En daarmee wou hij aangeven, dat wij ons nu meer dan vroeger terugtrekken in ons eigen huis, ons tegen elkaar afzetten, elkaar zitten uitloeren of we meer of minder hebben dan de ander. We pikken ook minder van elkaar. Bijvoorbeeld, nu er mooie afgebakende parkeerplaatsen zijn maken we ruzie over het gebruik daarvan. Of we vliegen elkaar in de haren of er wel of niet een boom moet komen. De een wil meer bomen en de ander wil alle bomen weg. De een vindt een bloembak prachtig, doet zelf iets aan het onderhoud en de ander ervaart deze uitsluitend als overlast waaraan hij zich dus groen en geel ergert. En zo maken we elkaar tegenwoordig het leven zuur. Ik vind ook dat Sjeng de dingen wel eens erg zwart-wit stelt, maar ik heb de indruk dat hij in deze wel ergens kort bij de waarheid zit. Hoewel ik niet zonder meer durf te beweren dat dit allemaal de schuld van de stadsvernieuwing is.
Volgens mij heeft dat ook te maken met de veranderde tijdgeest. Per slot van rekening zijn er door de stadsvernieuwing veel nieuwe jonge gezinnen in onze buurt komen wonen. Dat is ook altijd de bedoeling geweest. Maar wij ouderen hebben ons te weinig voorbereid op de veranderingen in de sfeer van de buurt die daarvan het gevolg zijn. Maar ik wil nog iets anders aanroeren. Wat me soms is tegengevallen is de wijze waarop er gekankerd werd tegen de bouwvakkers die hier aan het werk waren. We weten toch allemaal dat het een zware klus is en niet altijd even dankbaar om van een oud huis toch weer een bruikbare eigentijdse woning te maken. En toch werden die werklui, wel of niet terecht, daar wil ik het nu niet over hebben, regelmatig uitgescholden voor stomme prutsers door de beste stuurlui van langs de kant. Kijk, daar heb ik me toch ook dikwijls aan geërgerd. Schrijf dat maar gerust op.”

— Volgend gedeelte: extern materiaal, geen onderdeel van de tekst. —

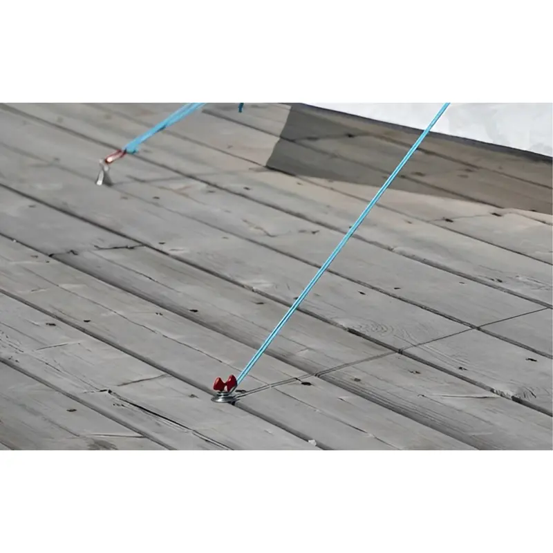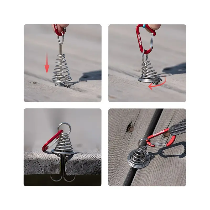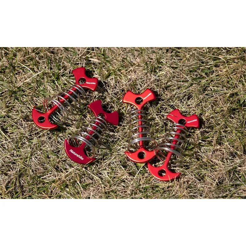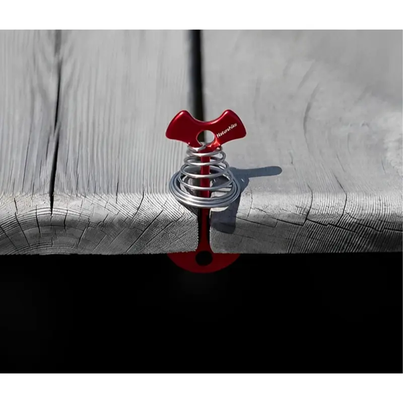 آلومینیوم به کار رفته در این میخ چادر ، ضد زنگ، سبک و قدرتمند می باشد. هر کدام از این میخ ها تنها 16 گرم وزن دارند و حمل آنها بسیار ساده است. فنر از استیل ضد زنگ ساخته شده و انعطاف خوبی دارد. کافی است میخ را وارد شیارهای نرده و چوب بکنید و بچرخانید تا مثل لنگر به آن گیر کند.
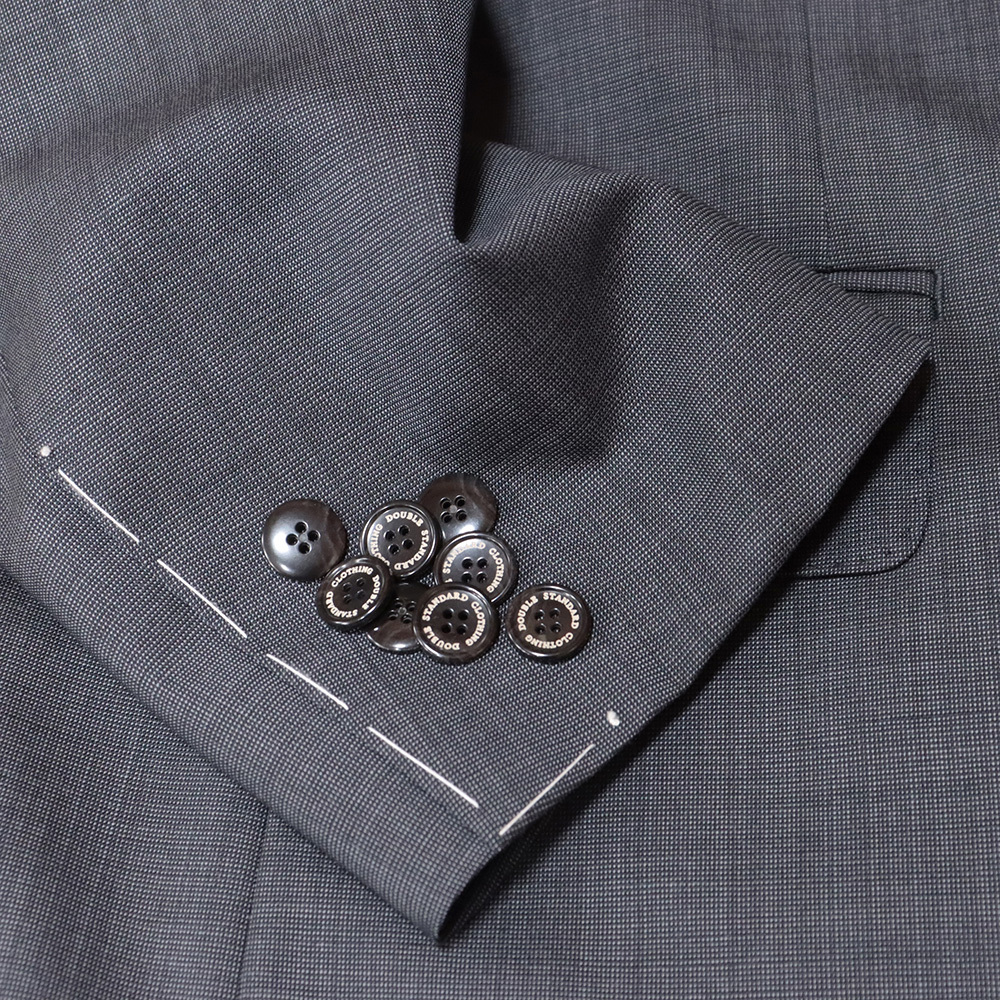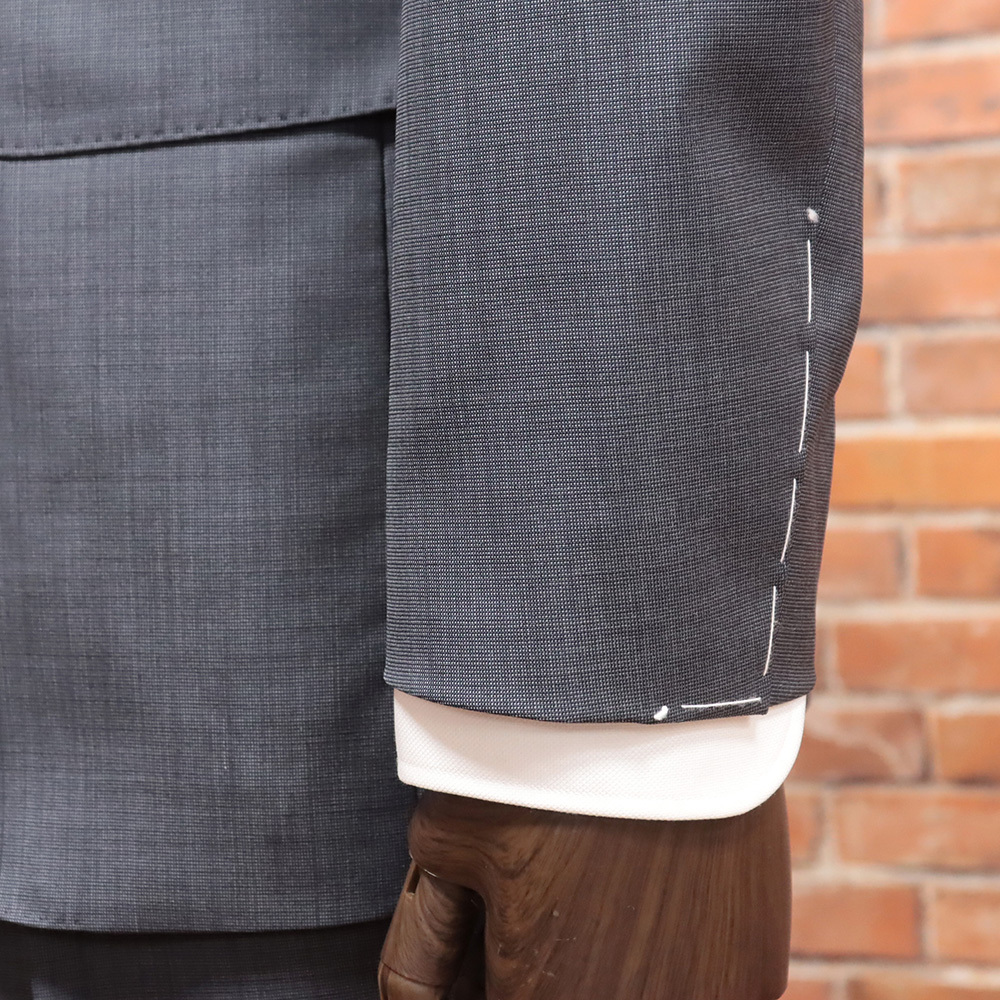 ジャケット:ノーパッド、段返り3ボタン、サイドベンツ、半裏仕立て
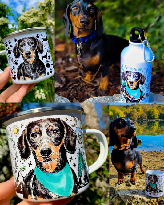 Egyedi, kézzel rajzolt kutyás mintákkal díszített kulacsaink tökéletesek sétákhoz, kirándulásokhoz, edzéshez vagy munkába – praktikusak, stílusosak, és remek kutyás ajándékok is.
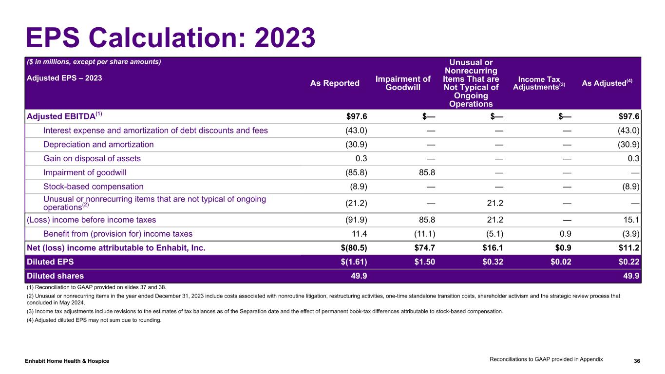 Enhabit Home Health & Hospice 35 EPS Calculation: 2024 ($ in millions, except per share amounts) Adjusted EPS – 2024 As Reported Impairment of Goodwill Unusual or Nonrecurring Items That are Not Typical of Ongoing Operations Income Tax Adjustments(3) As Adjusted(4) Adjusted EBITDA(1) $100.1 $— $— $— $100.1 Interest expense and amortization of debt discounts and fees (42.9) — — — (42.9) Depreciation and amortization (31.5) — — — (31.5) Gain on disposal of assets 0.7 — — — 0.7 Impairment of goodwill (161.7) 161.7 — — — Stock-based compensation (11.7) — — — (11.7) Unusual or nonrecurring items that are not typical of ongoing operations (2) (13.2) — 13.2 — — (Loss) income before income taxes (160.2) 161.7 13.2 — 14.7 Benefit from (provision for) income taxes 4.0 (20.3) (3.4) 15.8 (3.9) Net (loss) income attributable to Enhabit, Inc. $(156.2) $141.4 $9.8 $15.8 $10.8 Diluted EPS $(3.11) $2.82 $0.20 $0.31 $0.21 Diluted shares 50.2 50.4 (1) Reconciliation to GAAP provided on slides 37 and 38. (2) Unusual or nonrecurring items in the year ended December 31, 2024 include costs associated with shareholder activism, the strategic review process that concluded in May 2024, nonroutine litigation, and severance. (3) Income tax adjustments include the effect of permanent book-tax differences attributable to stock-based compensation and the effect of a valuation allowance recorded against a portion of our deferred tax assets. (4) Adjusted diluted EPS may not sum due to rounding. Reconciliations to GAAP provided in Appendix
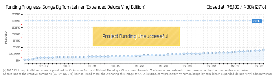 Even though there's still a ways to go before the goal is met, I wanted to say to all of you supporters and backers on this first release on VinylHumor Records a massive and heartfelt thank you! As this reissue of Tom Lehrer's first album and what... (Read More)
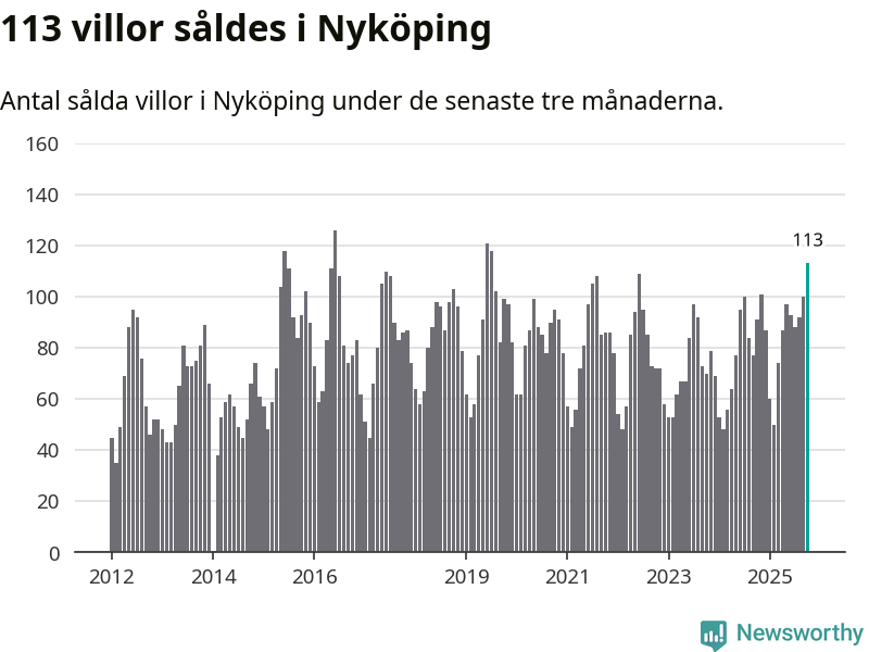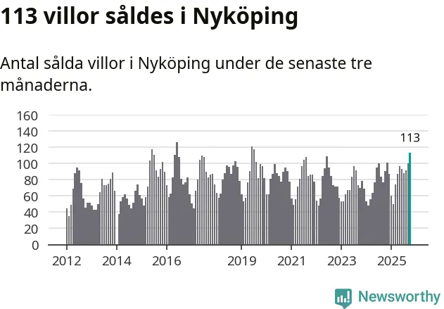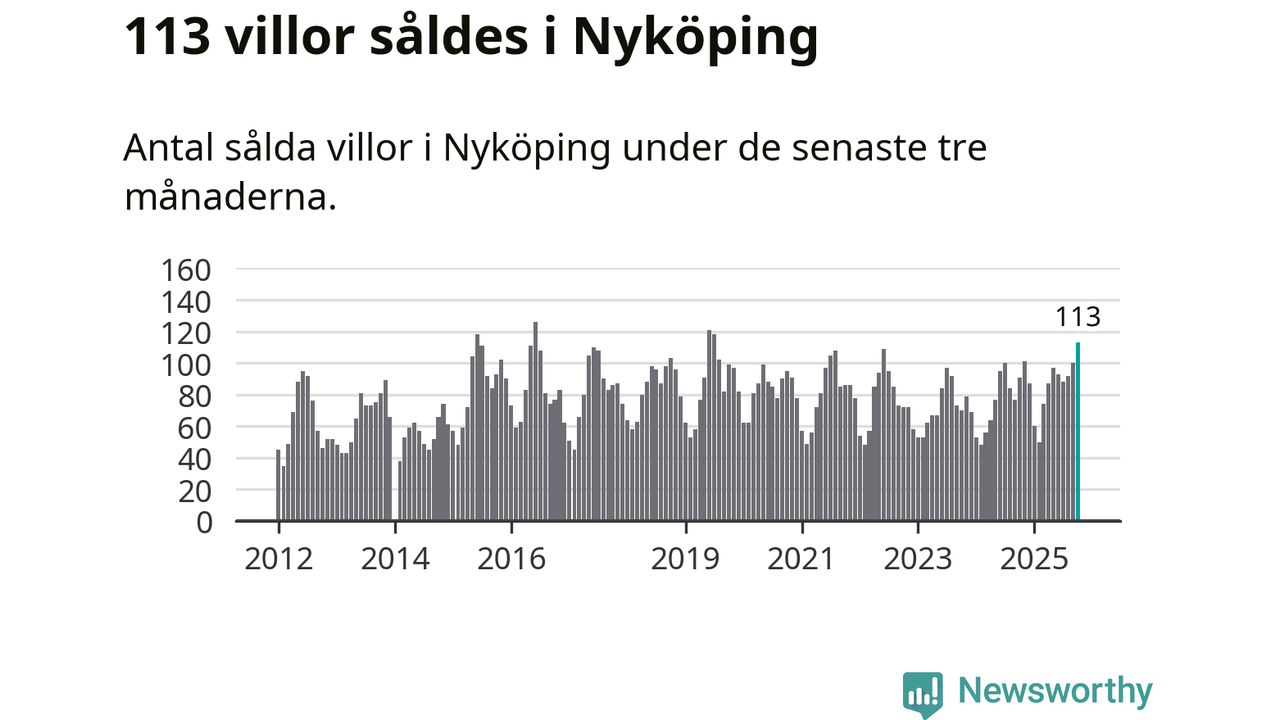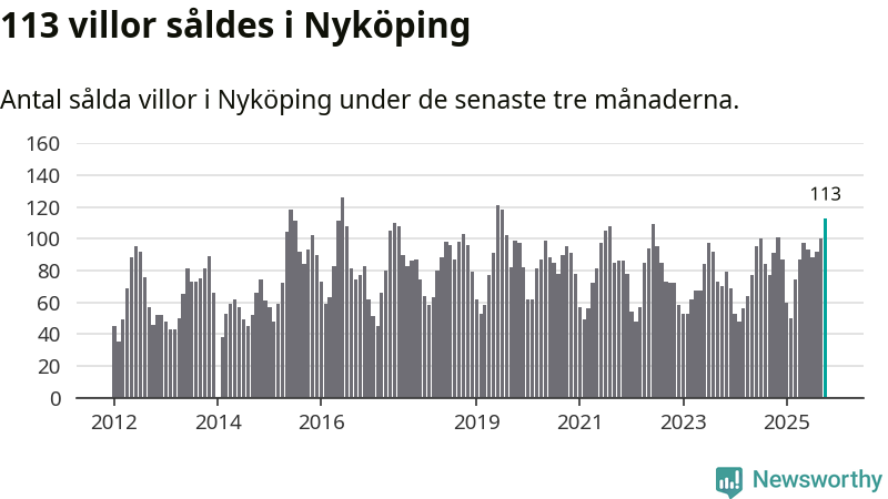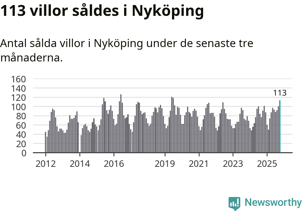 Mellan augusti och oktober såldes 113 villor i Nyköpings kommun. Det är fler än någon tremånadersperiod sedan 2019.
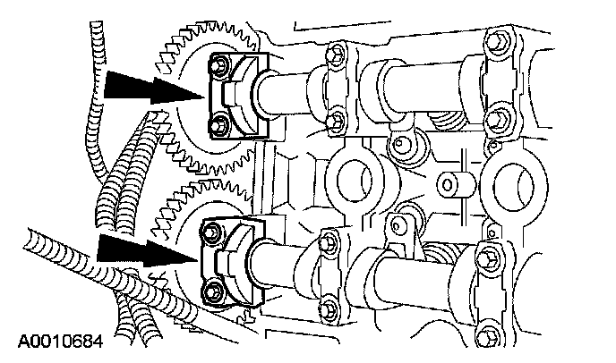 CAUTION: Do not install the camshaft journal thrust caps until all of the camshaft bearing caps have been installed, or damage to the thrust caps can occur.
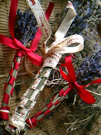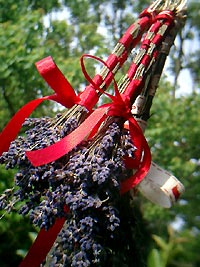 ラベンダーの剪定は5〜6月。剪定を兼ねてついでに収穫し、リボンを使ってスティックを作りました。
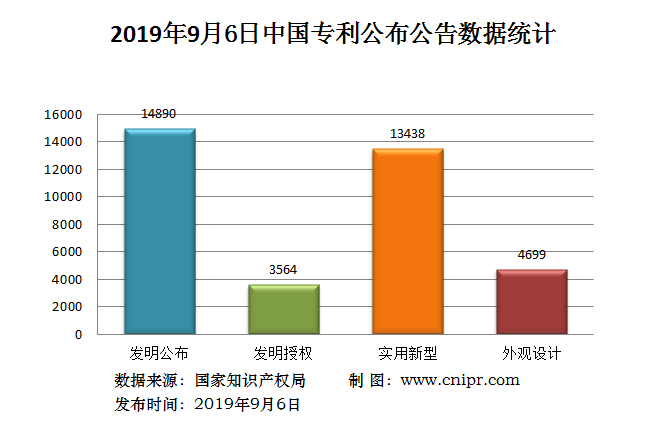 2019年9月6日,中国专利公布数据统计共36591件,其中:发明专利公布14890件;发明专利授权3564件;实用新型专利公告13438件;外观设计专利公告4699件。
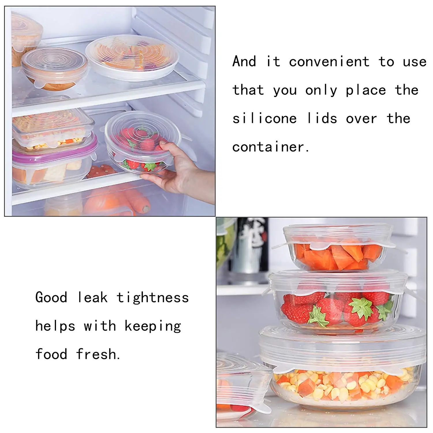 Все крышки легко растягиваются для различных форм и размеров контейнеров, гибкие для круглых, квадратных, прямоугольных или подходящих чаш, посуды, кастрюль, кружек, чашек и банок.
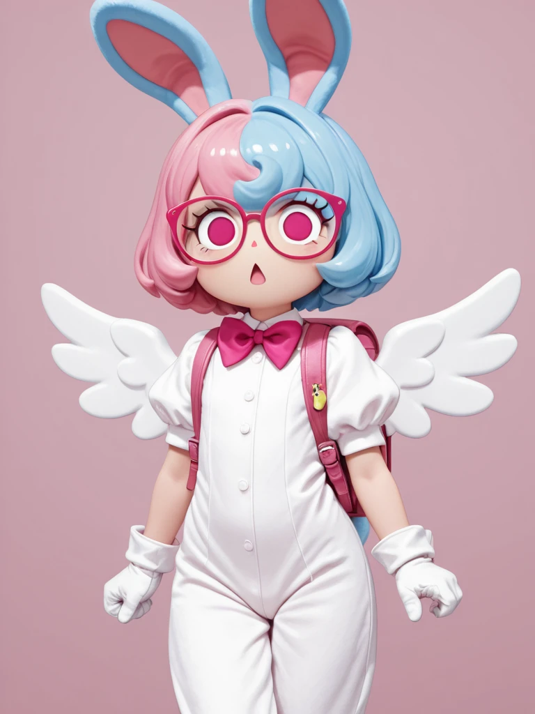 Optional: happy, open mouth, white onesie, puffy sleeves, white gloves, pink bowtie, low wings, white wings, bunny tail, pink backpack
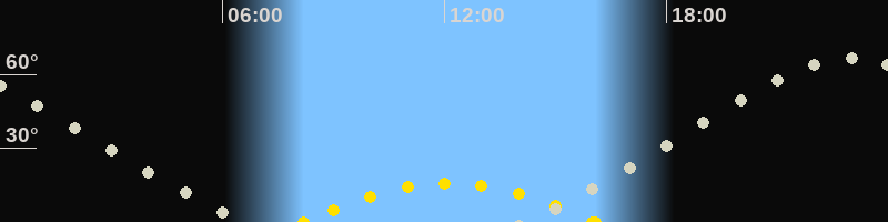 | Höchster Sonnenstand (Kulmination) | 12:08 Uhr (h = 15.8°) |
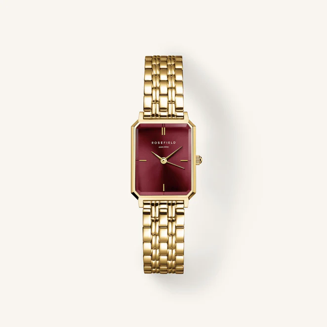 De Rosefield Octagon is meer dan alleen een horloge; het is een modeaccessoire dat tijdloze elegantie uitstraalt. Geïnspireerd door de art deco-stijl uit de jaren '20, is dit horloge een ode aan het verleden met een moderne twist. De opvallende achthoekige kast en de rijke bordeauxrode kleur van de wijzerplaat maken dit horloge tot een echte eyecatcher.
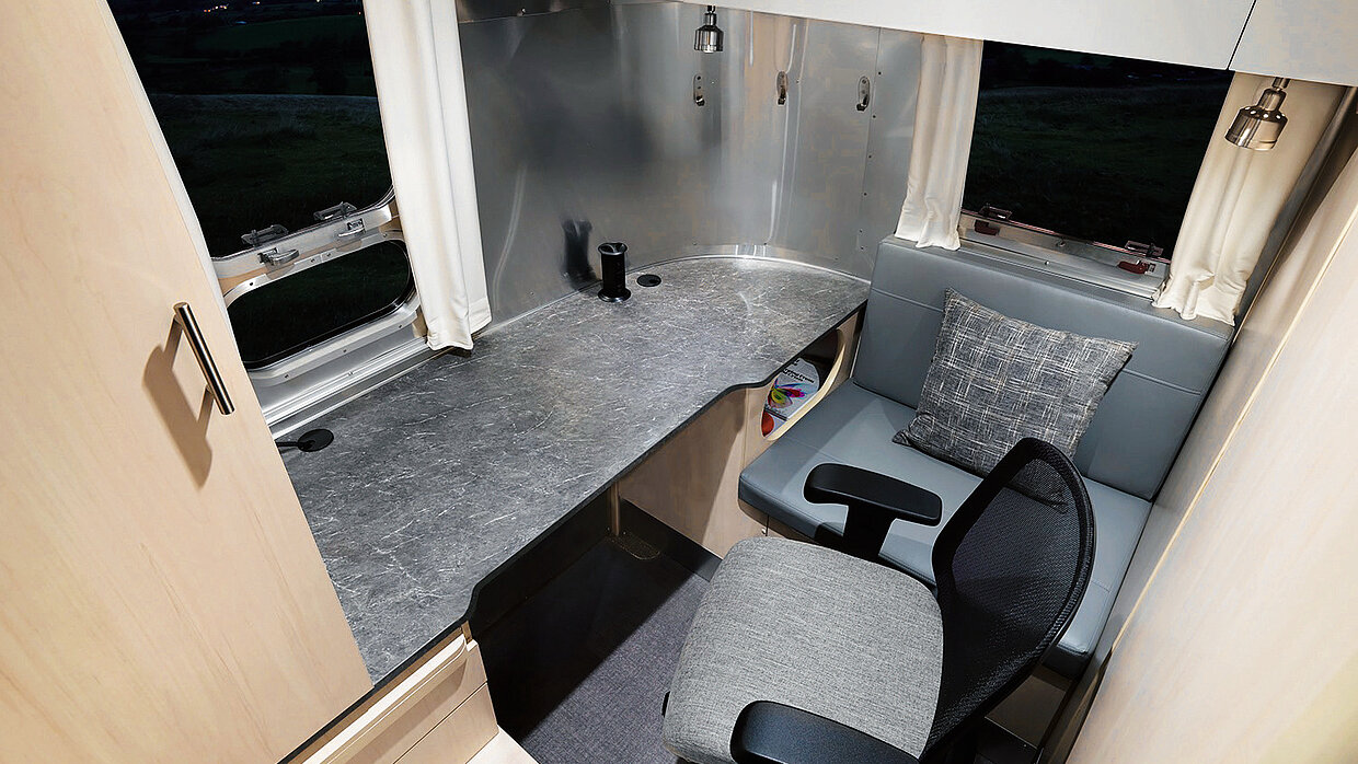 The Airstream Globetrotter 30RB is characterised by its high-quality, minimalist interior design with clear lines, gentle curves and neutral colours. The floor plan places the bedroom in the rear, while the approachable front includes an elegant “wrap-around” lounge with sufficient space for guests. The dinette can be converted into an additional bed.
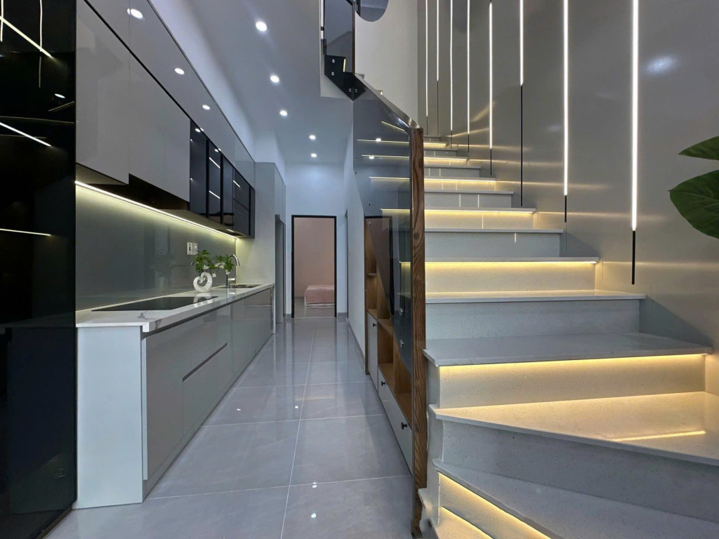Kết cấu: 1 trệt, 2 lầu, 3 phòng ngủ rộng rãi, 2WC, phòng khách sang trọng, bếp tiện nghi, sân để xe hơi và sân thượng thoáng mát.
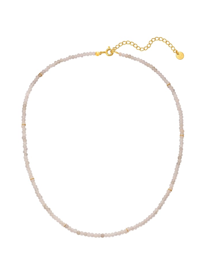 Добавьте вневременной элегантности своему стилю с этим колье с драгоценным камнем от Glanzstücke München. Это изысканное колье, изготовленное из серебра 925 пробы и покрытое 14-каратным желтым золотом, украшено ограненным халцедоном сияющего белого цвета. Драгоценный камень завораживает, переливаясь на свету и придавая любому наряду нотку гламура. Тонкая цепочка оснащена практичным удлинителем, обеспечивающим идеальную посадку по линии шеи. Будь то личное украшение или продуманный подарок - это колье станет выражением стиля и изысканности, приносящим радость!
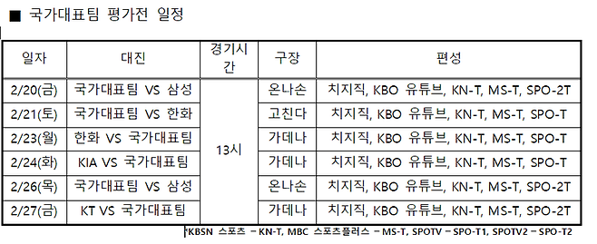 대표팀은 오는 20일 삼성과의 경기를 시작으로 21일과 23일은 한화, 24일 KIA, 26일 삼성, 27일 KT까지 총 4개 구단을 상대로 6차례 평가전을 치른다.

“Ik denk dat ik onderhand voldoende stof heb voor mijn verhaal,” nam zijn gast het woord van hem over.
“Tot slot wil ik U echter nog vragen, hoe U persoonlijk tegen dit gebeuren aangekeken heeft en wat het einde daarvan voor U betekent ?”
“Tja … verdorie … daar stelt U me alweer zo’n heel moeilijke vraag. Ik geloof dat U daarvoor doorgeleerd hebt.”
“Nou, dat ook weer niet direct. U komt er vast en zeker uit,” moedigde zij hem vriendelijk glimlachend aan.
“Het is eerlijk waar mijn allerlaatste vraag. Daarna bent U van mij verlost.”
“Goed, ik wil daar kort in zijn. Ik weet dat heel veel buurtbewoners het erg moeilijk gehad hebben met die stadsvernieuwing. Ze heeft hen veel inspanningen, geld, zorgen en vooral veel emoties gekost. Ze heeft hun hele levenswijze als het ware op de kop gezet, maar desondanks heb ik het…”
Even aarzelde Bèrke of hij door zou gaan, maar besloot toch om zijn zin af te maken.
“… Heb ik het een heel interessante periode uit mijn leven gevonden. En ik weet zeker dat dit ook voor de geschiedenis van de buurt als zodanig geldt. Er gebeurde hier van alles. Steeds was er wel iets om over te praten of naar te gaan kijken. De bewoners kwamen samen, overlegden met elkaar en bepaalden zodoende de toekomst van de buurt mee. Dat is toch uniek! Ik heb dat een geweldige ervaring gevonden. Daar heb ik van genoten als van één groot avontuur. En dat is nu voorbij.
Met de uitgave van dit boekje wordt daar nu een laatste definitieve streep onder gezet. En dat vind ik eerlijk gezegd spijtig. Want daarmee is ook een einde gekomen aan mijn avonturen.”